I was presenting yesterday on Standardized Clients at the Teaching Legal Ethics workshop organized and hosted by Clark Cunningham and Nigel Duncan, at City University. Very interesting workshop, well designed and implemented. The title of my session was 'The Standardized Client Initiative: a portrait of the teacher as outsider'. Slides at Slideshare, or on the Slides page here.
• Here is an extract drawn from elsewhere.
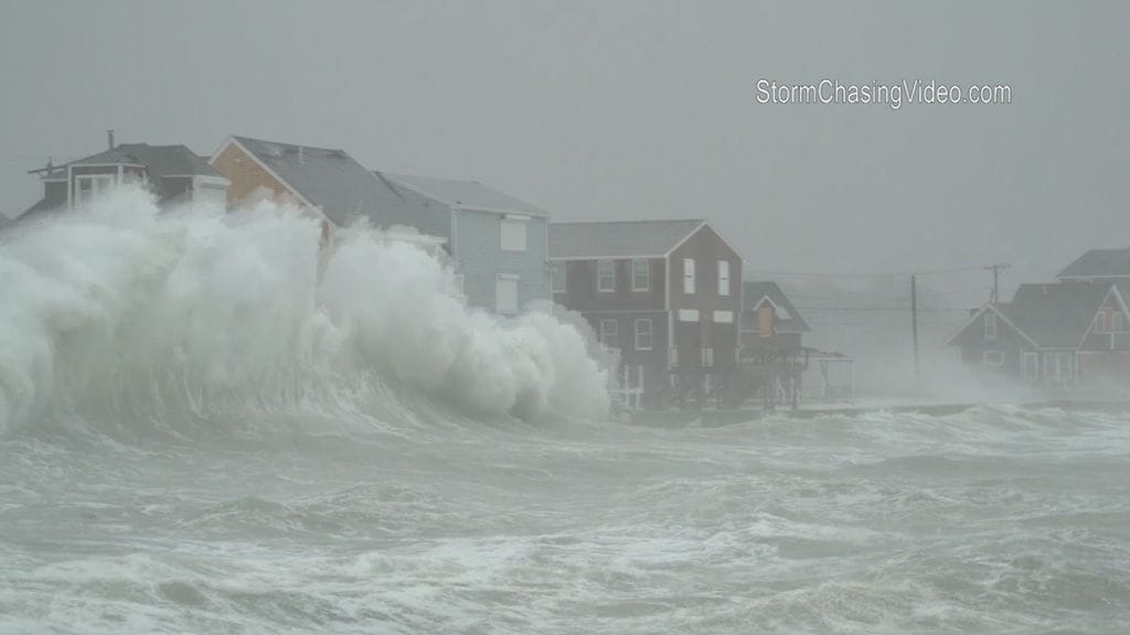 Videolla aallot piiskaavat taloja Scituatessa Massachusettsissa perjantaina.

The title refers to one of the many fascinating paradoxes about SCs when they’re used to assess performance. High-stakes assessment is seen as the core of academic staff competence, where we assess student knowledge and skills; but in using SCs to assess students, what we do is hand over to non-staff, above all to people who are not legally trained, that really important duty. In my session I explained why we might want to do that, how we trained SCs, some of the research underpinning the method, and the implications of the method for legal education. I think the implications are pretty profound, not least in the way that the law school, frequently a black box to all but staff and students (maybe them too) is opened out in a democratic way, and this happens in one of the most important duties that academic staff have, namely assessment of student performance.
There were some perceptive questions from participants about the status of QAA, the place of regulators, the ways in which the SCI might be used in undergraduate education. Next up, Australian National University, in a couple of weeks' time, where I'll be training SCs there. More on that at the time.